And the nitrogen-containing heterocyclic compound (III) are reacted with stirring. The reaction is usually carried out by heating in a solvent such as dimethylformamide, dimethylsulfoxide, acetonitrile, acetone, tetrahydrofuran. To promote the reaction, a base such as caustic soda, caustic potash, sodium hydride or a copper salt may be added. Second manufacturing method

[0021]

[Chemical 8]

(The symbols in the formulas have the above-mentioned meanings.) To carry out this production method, the diamino compound (IV) and an equivalent or excess amount of oxalic acid or its reactive derivative (V) are added. React at room temperature or under heating. Examples of the reactive derivative of oxalic acid include salts, esters, hydrates, anhydrides and acid chlorides. This reaction is usually performed in an aqueous or alcohol solvent. An acid such as hydrochloric acid is preferably added to accelerate the reaction. Third method

[0023]

[Chemical 9] (The symbols in the formulas have the above-mentioned meanings.) This production method is an alternative to the second production method and comprises the tert-butylamine compound (VI) and an equivalent or excess amount of oxalic acid or its reactive derivative. It can be carried out by reacting in an aqueous or alcoholic solvent under acidic condition with stirring at room temperature or under heating. The reactive derivative of oxalic acid is as described above. Fourth manufacturing method

[0024]

[Chemical 10]

(In the formula, R ³ represents a lower alkyl group. The other symbols are as described above.) This reaction is a reductive cyclization of the lower alcoxaryl amino compound (VII). , Pd-carbon and the like can be carried out by a conventional catalytic reduction method. The compound of the present invention thus produced is isolated or purified as a free salt or a salt thereof. Isolation / purification includes extraction, concentration, evaporation,
It is carried out by applying usual chemical operations such as crystallization, filtration, recrystallization and various kinds of chromatography.

[0026]

The compound of the present invention has an affinity for the AMPA receptor. Moreover, it showed a strong neuroprotective effect on the hippocampus of sand rats. It also showed an inhibitory effect on audiogenic convulsions in DBA / 2 mice. Therefore, the compound of the present invention is particularly useful for preventing Huntington's disease, Parkinson's disease, epilepsy, senile dementia, and cerebral ischemia, hypoxia, hypoglycemia and post-convulsive neurodegeneration or mental and motor dysfunction. It is a useful drug.

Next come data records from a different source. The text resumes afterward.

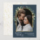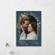 Este design apresenta um arco de folhagem moderno com uma moldura dourada brilhante delicada e pinceladas douradas com uma única foto vertical. Para fazer alterações avançadas, selecione a opção 'Clique para personalizar ainda mais' na seção 'Personalize este modelo'. Aqui, você pode editar/adicionar caixas de texto, cor e fonte.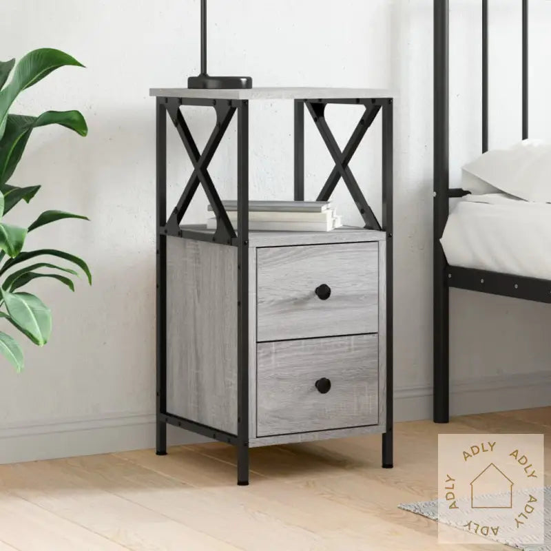 For å forhindre at nattbordet velter må det sikres med den medfølgende festeanordningen.Farge: grå sonomaMaterialer: konstruert tre, jernMål: 34 x 35,5 x 70 cm (B x D x H)Montering kreves: jaLegal Documents: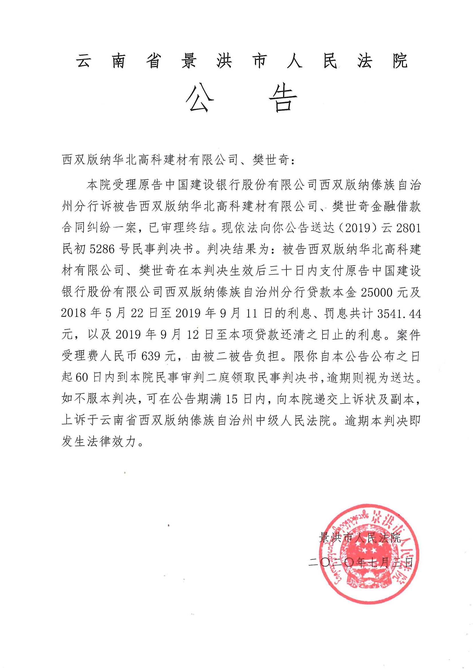 西双版纳华北高科建材有限公司、樊世奇公告判决

The [ ³ H] AMPA binding inhibitory activity, neuronal cell protective activity and audiogenic convulsive suppressive activity of the compound of the present invention were confirmed as follows. 1) Measurement of [ ³ H] AMPA binding activity: about 45 nM [
³ H] AMPA {2-amino-3- (3-hydroxy-
5-methyl-4-isoxazole) propionic acid}, about 300 mg of rat cerebral membrane preparation, and a test compound in a total amount of 0.5 ml of a reaction solution in ice water 45
Let react for minutes. Bound to quisqualate receptor [ ³ H]
The amount of AMPA was measured by the filtration method. The specific binding amount was the portion replaced by 10 μM quisqualic acid in the total binding amount. The test compounds were evaluated by determining the binding inhibition rate on the specific binding.

2) Neuronal Protective Action in Hippocampus The protective action of neuronal necrosis caused by cerebral ischemia was tested using a sand rat bilateral common carotid artery occlusion model. Procedure The animals were allowed to recover from anesthesia by occluding the bilateral common carotid arteries under halothane anesthesia for 5 minutes while keeping the sand rats warm to avoid a decrease in body temperature. Four days later, the brain was removed and a section was prepared, and the extent of nerve cell damage in the hippocampal CAI was examined histologically.

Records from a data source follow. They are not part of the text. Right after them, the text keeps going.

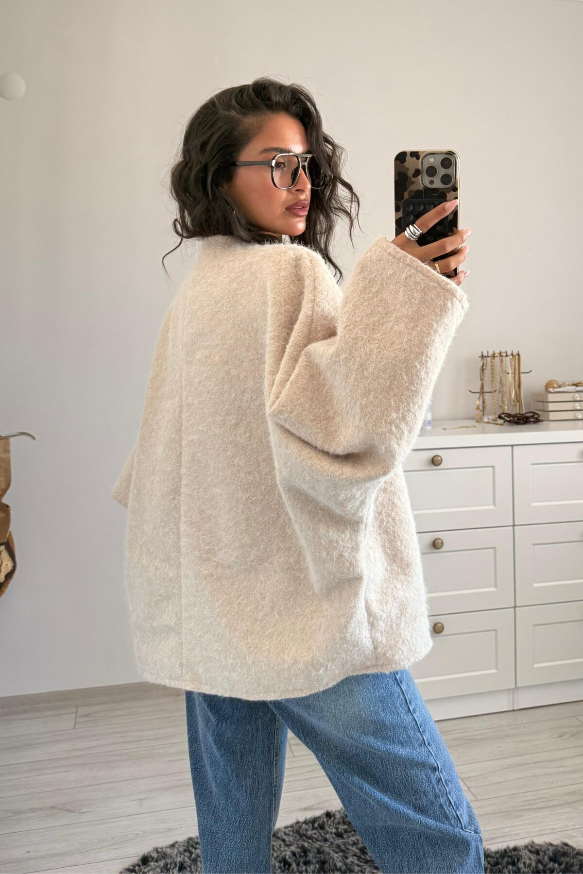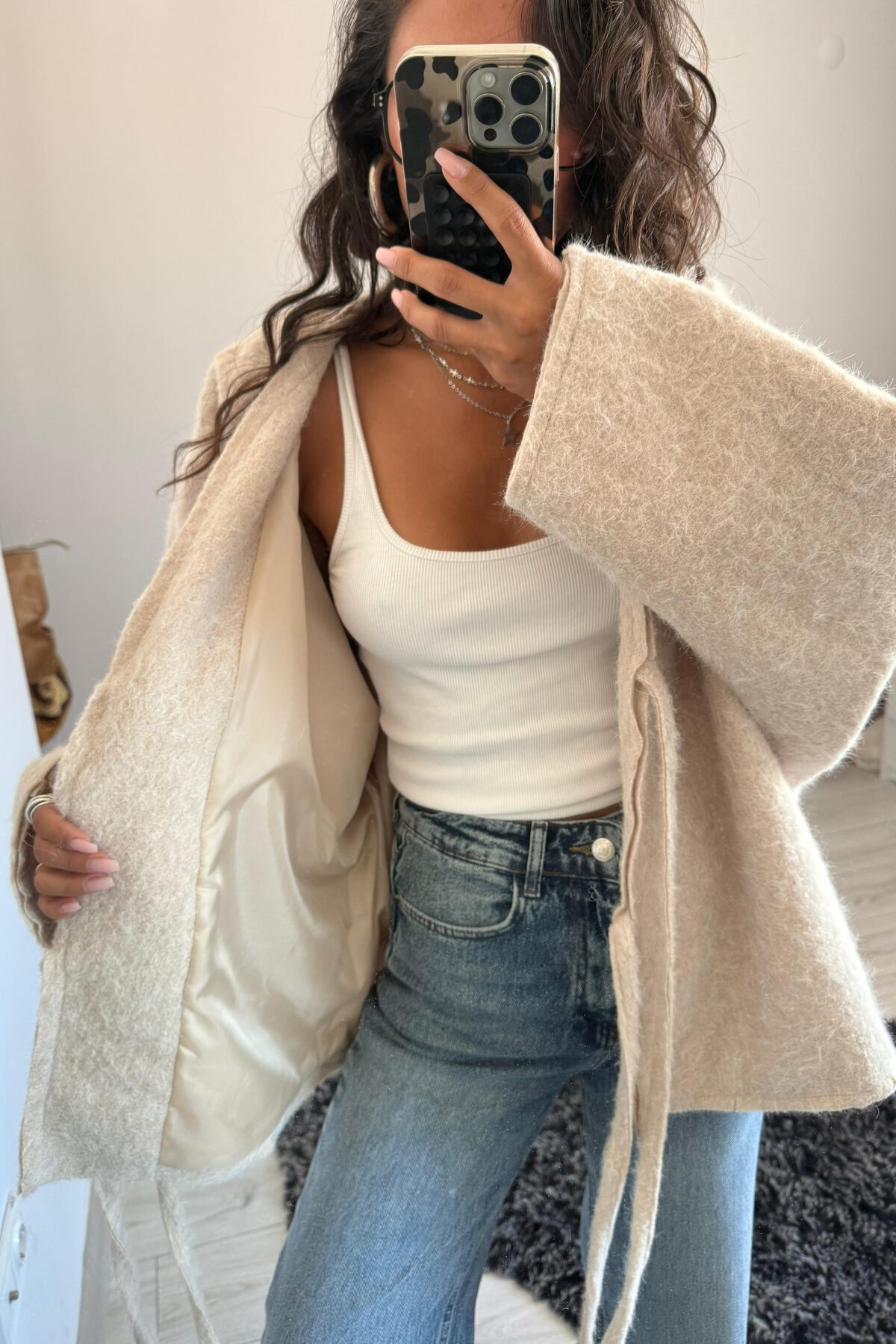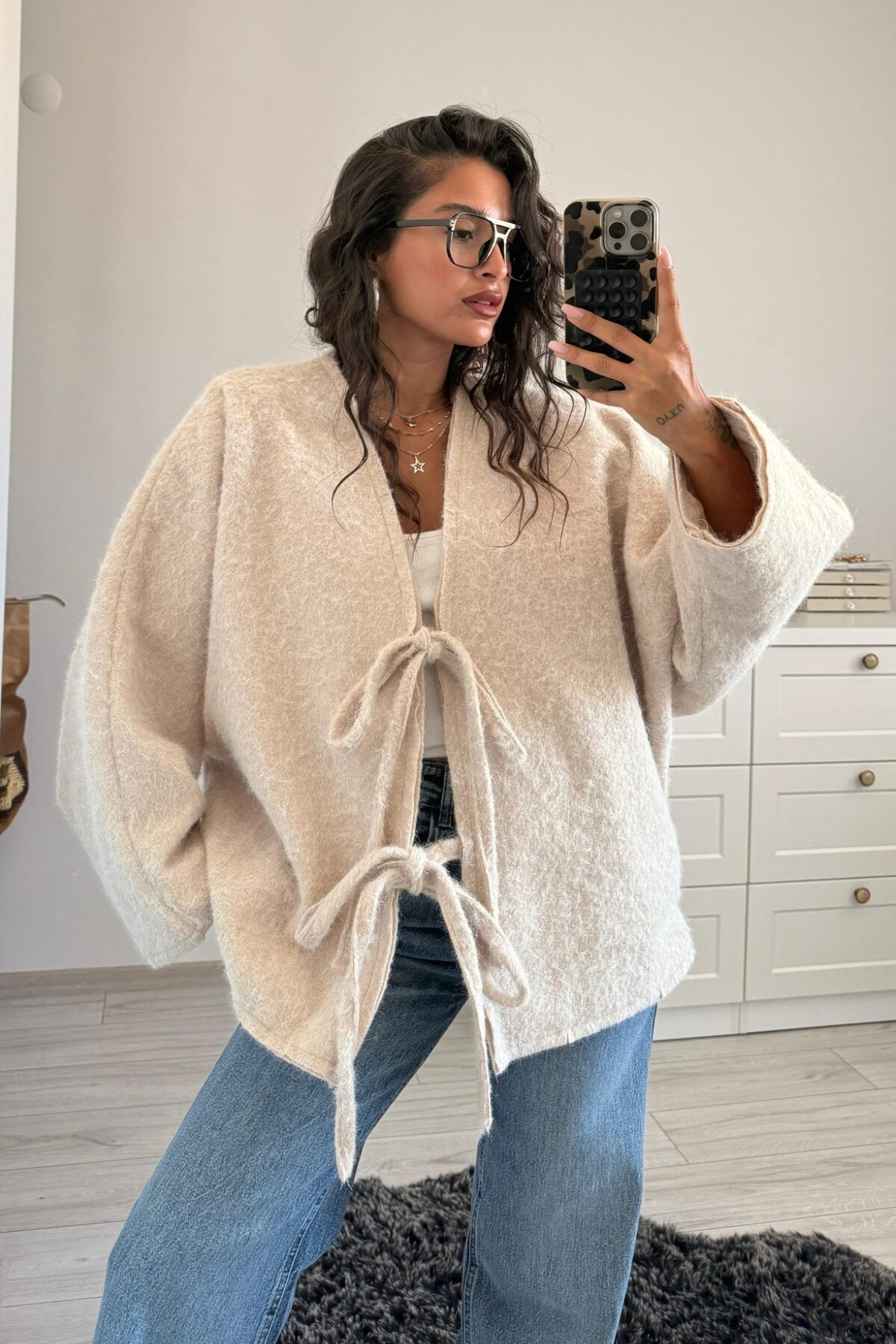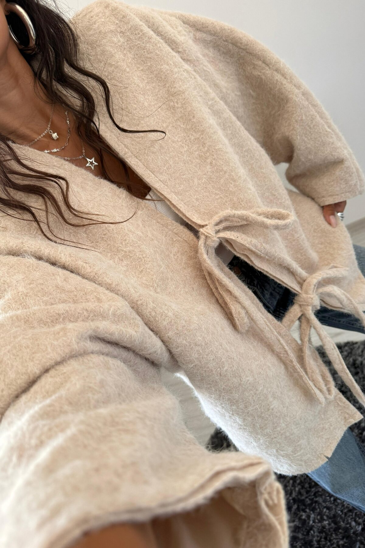 Önden Bağlamalı Kırçıllı Ceket Bej
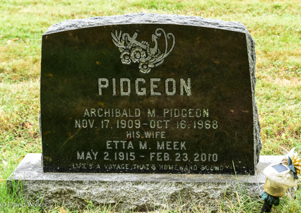 - [S12657] Cemetery Marker, St. Thomas Anglican Cemetery, Springbrook, Queens County, Prince Edward Island, Canada. Archibald M. Pidgeon & Etta M. Meek, photograph & inscription; read by David A. Walker, 18 September 2017.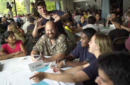 Mechanical Engineering Professor Alex Slocum entertains incoming freshman Ryan E. Pester ’07, Neera Jain ’06, and Joy Tang ’07 at a student-faculty dinner on Tuesday evening.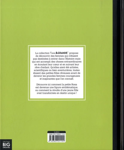 De plus, ce livre fait partie de la collection « Petite & GRANDE », qui met en lumière des femmes qui n’étaient pas destinées à entrer dans l’Histoire. Pourtant, en écoutant leur cœur et en suivant leur rêve d’enfant, elles ont accompli des choses extraordinaires.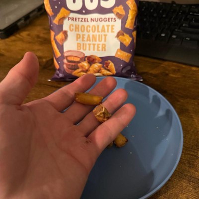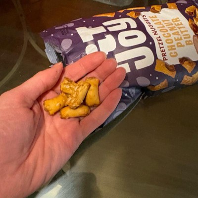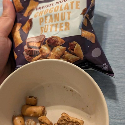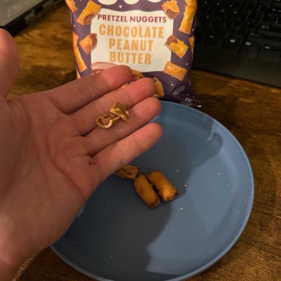 These chocolate peanut butter filled pretzel bites are quite confusingly delicious! I cannot tell if I really like the flavor of the chocolate peanut butter filling or the pretzel nugget itself. Both are amazing and tasty great!y one critique would be that the chocolate flavor could be more pronounced, but overall this is a very tasty snack!

Administration Method The test drug was suspended in 0.5% methylcellulose solution or dissolved in physiological saline and administered intraperitoneally. 60 minutes, 70 minutes, and 85 minutes after the recanalization, 30 mg / kg was administered once.

Evaluation Method Histological examination was performed under an optical microscope. The degree of nerve cell damage in the hippocampal CAI part was evaluated on a four-point scale: no damage, mild necrosis, moderate necrosis and complete necrosis.

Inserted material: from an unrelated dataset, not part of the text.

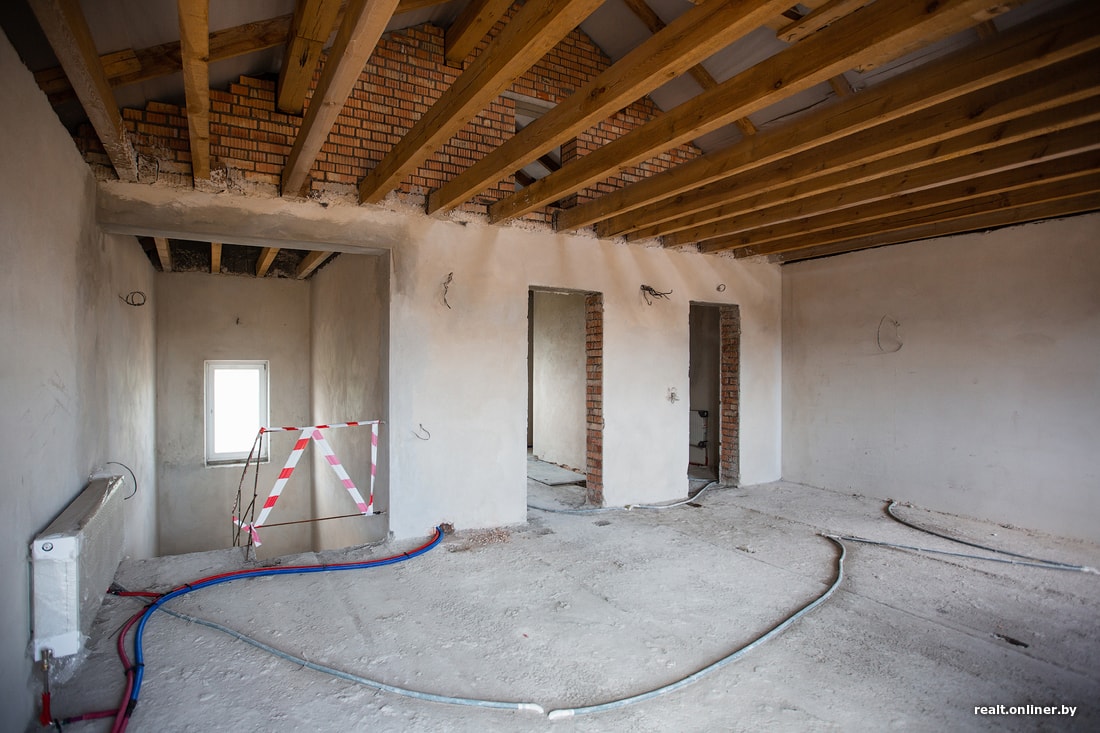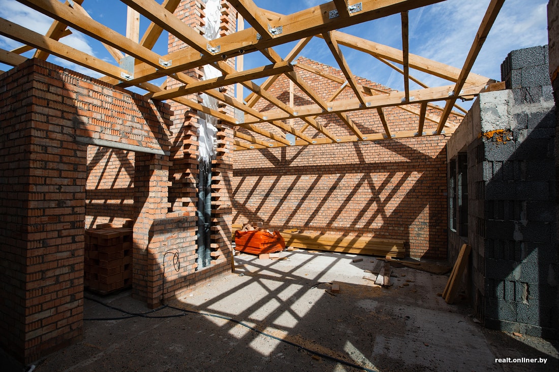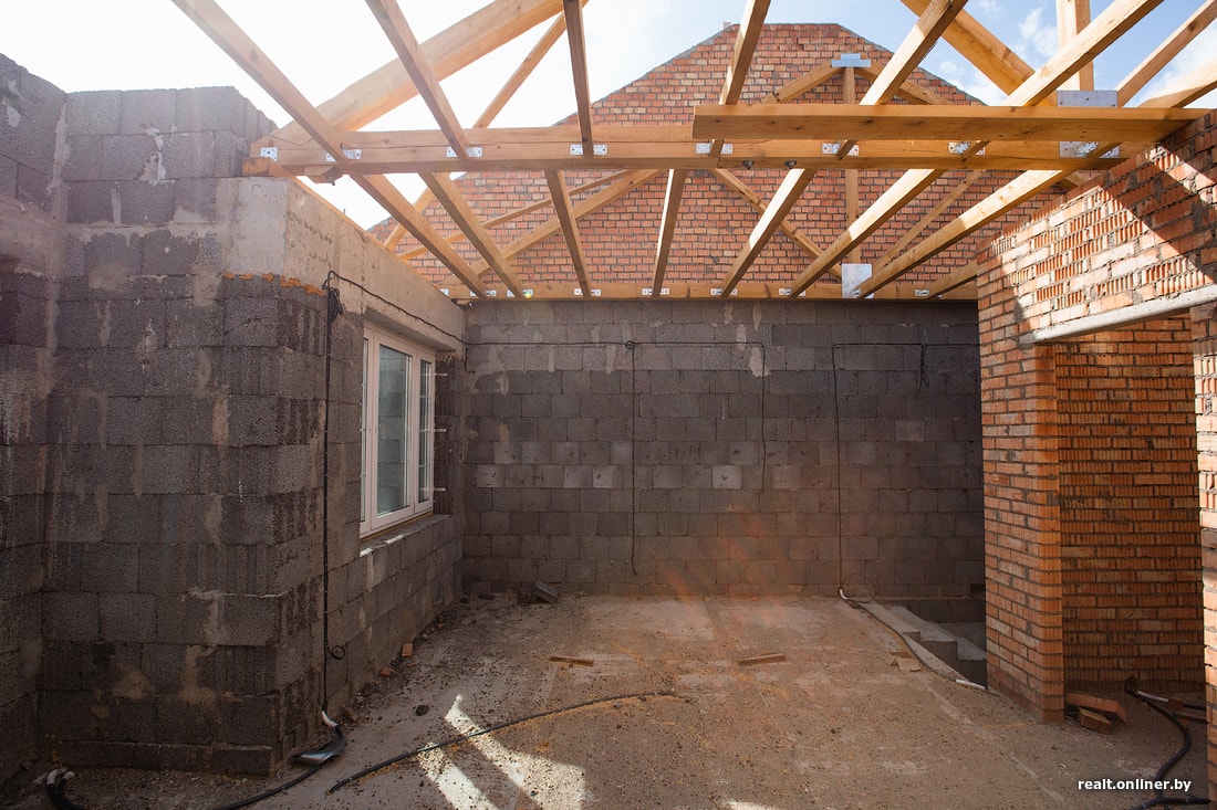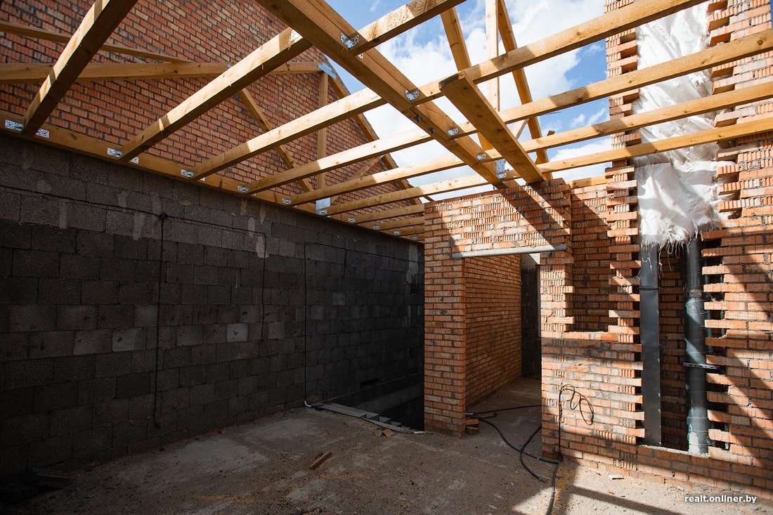 Нам показывают дом площадью 124,5 кв. м — это минимальный метраж из оставшихся вариантов. Коробка здесь уже готова, крыша смонтирована — остается вставить окна и выполнить черновую отделку. После заключения договора застройщик доведет дом до полной готовности за четыре месяца, еще несколько месяцев займет оформление документов.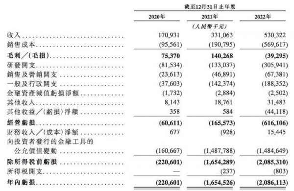 2020年及2021年,速腾聚创的毛利率分别是44.1%、42.4%,2022年的毛损率为7.4%。

3) Measurement of audiogenic convulsive suppressive action in DBA / 2 mice: 10 male mice aged 21-28 days were placed in a soundproof box, and a sound stimulus of 12 kHz, 120 dB was applied for 1 minute or the mice were rigid. I had a load until I got sexual convulsions. The test compound was suspended in 0.5% methylcellulose solution and intraperitoneally administered 15 minutes before the sound stimulation. The drug efficacy was evaluated by the presence or absence of convulsions, and the minimum effective dose (MED) was determined. A preparation containing one or more kinds of the compound of the present invention or a salt thereof as an active ingredient is prepared by using a carrier, an excipient and other additives usually used for preparation. The carrier or excipient for the formulation may be solid or liquid,
For example, lactose, magnesium stearate, starch,
Examples include talc, gelatin, agar, pectin, acacia, olive oil, sesame oil, cocoa butter, ethylene glycol, and other commonly used substances.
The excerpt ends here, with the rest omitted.